DATA SEGMENT:
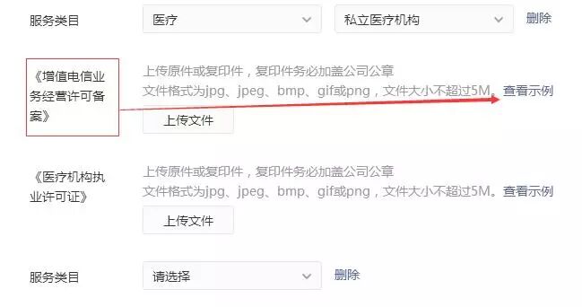 可是私立医疗机构要求上传《增值电信业务经营许可备案》和《医疗机构执业许可证》,医院没有《增值电信业务经营许可备案》,并且样本中显示《增值电信业务经营许可备案》中要求不含医疗保健等内容呀。两证有点矛盾啊
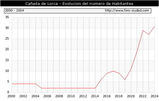 el numero de habitantes en Cañada de Lorca era de 31, 4 habitantes mas que el en el año 2023. En el grafico siguiente se puede ver cuantos habitantes tiene Cañada de Lorca a lo largo de los años.
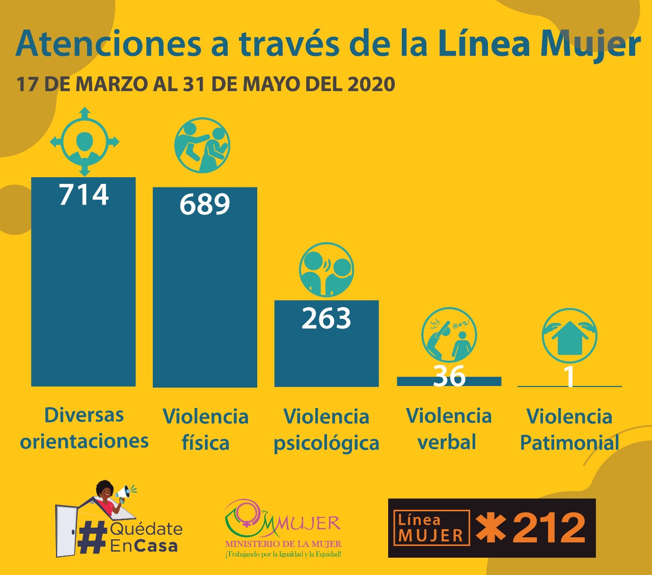 Según el “Resumen de Datos Estadísticos en período de cuarentena” que realiza el MMujer, la línea Mujer*212, en coordinación con el Sistema Nacional de Atención a Emergencias y Seguridad 911, ha recibido 1,703 llamadas, de las cuales 714 fueron para solicitar orientaciones, en su mayoría sobre las ayudas económicas que ofrece el Gobierno en cuarentena, por lo que fueron referidas al Sistema Único de Beneficiarios (SIUBEN); 689 usuarias llamaron para denunciar violencia física; 263 dijeron haber sido violentadas de manera psicológica; 36 denunciaron violencia verbal y una denunció violencia patrimonial.

EXERCISE PROMPT: A word-for-word copy of the listing is needed. It must not include the pictures.

WRITTEN SOLUTION:
 可是私立医疗机构要求上传《增值电信业务经营许可备案》和《医疗机构执业许可证》,医院没有《增值电信业务经营许可备案》,并且样本中显示《增值电信业务经营许可备案》中要求不含医疗保健等内容呀。两证有点矛盾啊
 el numero de habitantes en Cañada de Lorca era de 31, 4 habitantes mas que el en el año 2023. En el grafico siguiente se puede ver cuantos habitantes tiene Cañada de Lorca a lo largo de los años.
 Según el “Resumen de Datos Estadísticos en período de cuarentena” que realiza el MMujer, la línea Mujer*212, en coordinación con el Sistema Nacional de Atención a Emergencias y Seguridad 911, ha recibido 1,703 llamadas, de las cuales 714 fueron para solicitar orientaciones, en su mayoría sobre las ayudas económicas que ofrece el Gobierno en cuarentena, por lo que fueron referidas al Sistema Único de Beneficiarios (SIUBEN); 689 usuarias llamaron para denunciar violencia física; 263 dijeron haber sido violentadas de manera psicológica; 36 denunciaron violencia verbal y una denunció violencia patrimonial.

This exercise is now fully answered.